Interactive legends enable users to click on legend items to hide or show the corresponding bars on the plot, making it an engaging way to compare datasets within the same space. This feature of Bokeh enhances the interactive aspect of multi-bar plots.

Here’s an example:

from bokeh.plotting import figure, show, output_file
from bokeh.models import ColumnDataSource

output_file("interactive_legend.html")

source = ColumnDataSource(data=dict(fruits=['Mangoes', 'Strawberries', 'Kiwi'],
                                    counts1=[24, 18, 9],
                                    counts2=[19, 12, 15]))

p = figure(x_range=source.data['fruits'], width=400, height=300)

b1 = p.vbar(x='fruits', top='counts1', width=0.2, source=source, legend_label="2018")
b2 = p.vbar(x=dodge('fruits', 0.25, range=p.x_range), top='counts2', width=0.2, source=source, color="green", legend_label="2019")

p.legend.click_policy="hide"

show(p)

The output will be an interactive bar plot that allows users to click on the legend to hide or show bar groups.

This code snippet creates an interactive plot with two datasets represented as bars. Clicking on a legend item toggles the visibility of the corresponding bars. The click_policy attribute of the legend is set to “hide” to enable this functionality.

Bonus One-Liner Method 5: Using FactorRange to Simplify Grouped Bar Plots

Bokeh’s FactorRange can handle the plotting of grouped bar plots in a more simplified manner, especially when dealing with categorical data that have subcategories.

Here’s an example:

from bokeh.plotting import figure, show, output_file
from bokeh.models import FactorRange, ColumnDataSource

output_file("grouped_bars.html")

fruits = ['Apples', 'Oranges', 'Pears']
years = ['2015', '2016']
data = {'fruits': fruits,
        '2015': [2, 1, 4],
        '2016': [5, 3, 3]}

x = [(fruit, year) for fruit in fruits for year in years]
counts = sum(zip(data['2015'], data['2016']), ())

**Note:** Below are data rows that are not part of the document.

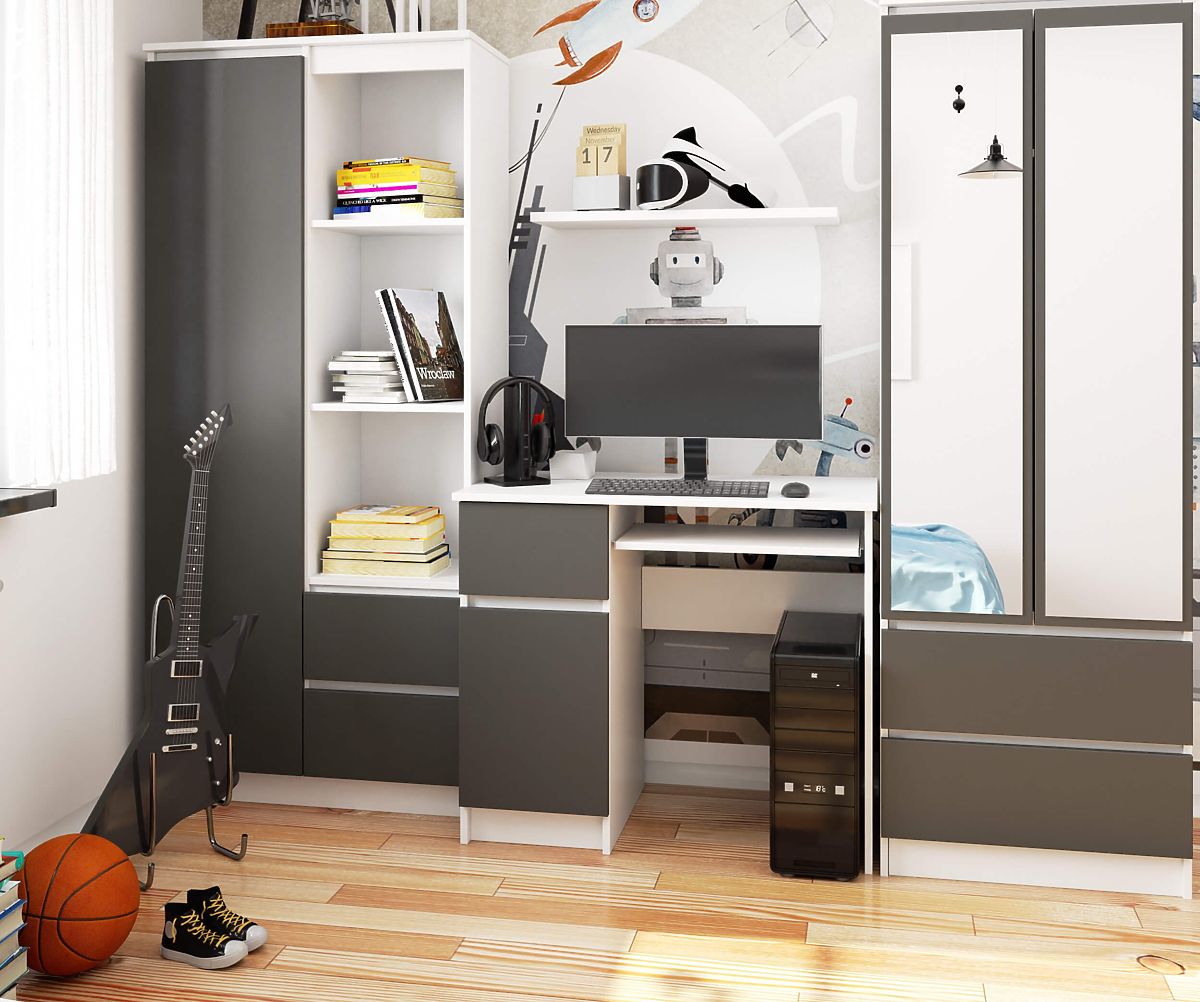 The PIKSEL white/graphite gray computer desk is great for use in a child's or student's room, or in a bedroom or living room where there is a dedicated corner for working from home or studying. It is also suitable for small office spaces, where it fits well with other furniture in a handleless system.
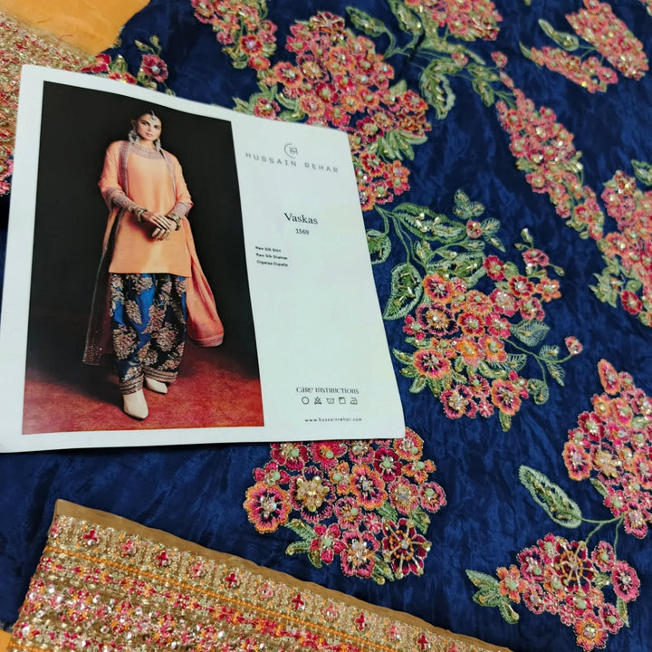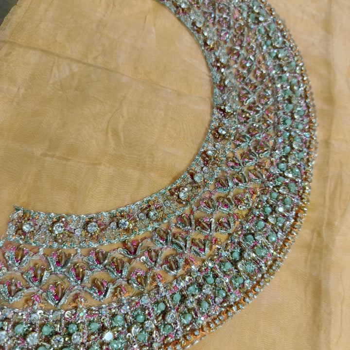 A decent peach raw silk shirt with intricately embellished neckline and sleeves at the ends, it is paired with a raw silk teal blue shalwar heavily embellished shalwar with intricate, dainty details of silver mukaish, silver nakshi, silver sequins, silver dabka, and orange, pink and green buggle beads. It comes with an pistachio organza dupatta with multihead borders on all four sides and sequin chatta all over it.
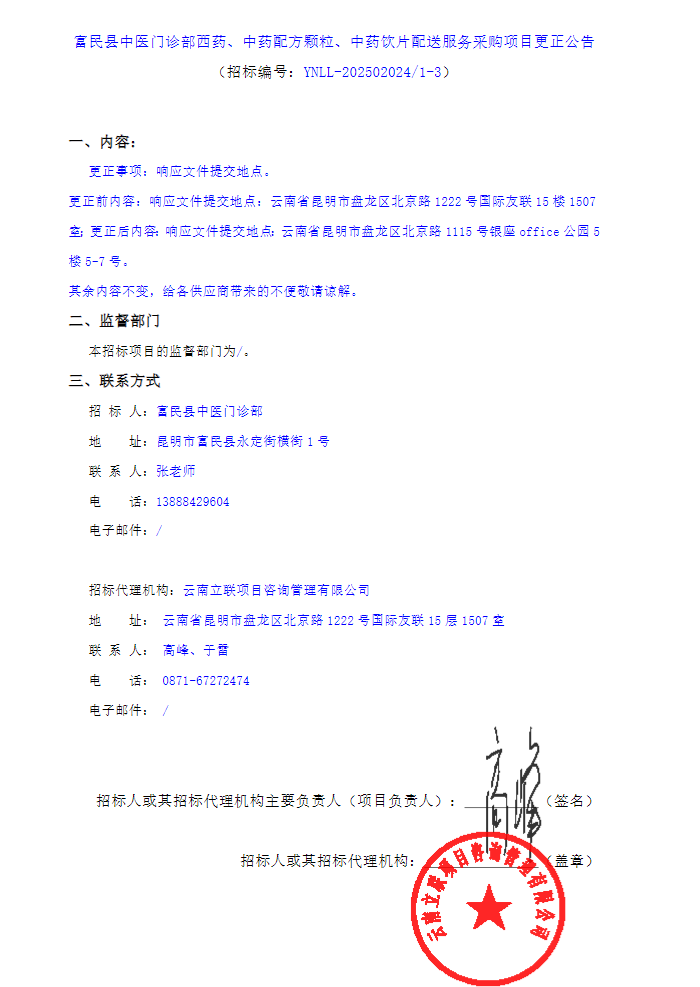 【昆明市富民县中医门诊部】云南省昆明市富民县中医门诊部西药、中药配方颗粒、中药饮片配送服务采购项目更正公告

source = ColumnDataSource(data=dict(x=x, counts=counts))

p = figure(x_range=FactorRange(*x), width=400, height=300)

p.vbar(x='x', top='counts', width=0.9, source=source)

show(p)

The output will display a neatly organized grouped bar plot within a single HTML file.

The code uses FactorRange to define the x-axis with paired categories, which simplifies the plotting of grouped bars. This one-liner bar plotting approach results in a clean and easily understandable grouped bar plot.

Summary/Discussion

  • Method 1: Using VBar Glyphs for Side-by-Side Bar Plots. Strengths: Offers clear side-by-side comparison for multiple datasets. Weaknesses: As the number of datasets increases, the plot can become cluttered.
  • Method 2: Stacked Bar Charts for Cumulative Data. Strengths: Efficient when visualizing part-to-whole relationships. Weaknesses: Can obscure individual data variations when too many layers are present.
  • Method 3: Using the gridplot Function to Arrange Multiple Separate Plots. Strengths: Maintains each dataset’s distinct visual space. Weaknesses: Requires more space and may be less concise when displaying the data.
  • Method 4: Interactive Legends for Comparisons on the Same Plot. Strengths: Highly interactive and user-friendly. Weaknesses: May not be suitable for static reporting where interactivity isn’t feasible.
  • Bonus Method 5: Using FactorRange to Simplify Grouped Bar Plots. Strengths: Simplifies the code for grouped bar plots. Weaknesses: Less flexible when customizing the appearance of each individual bar.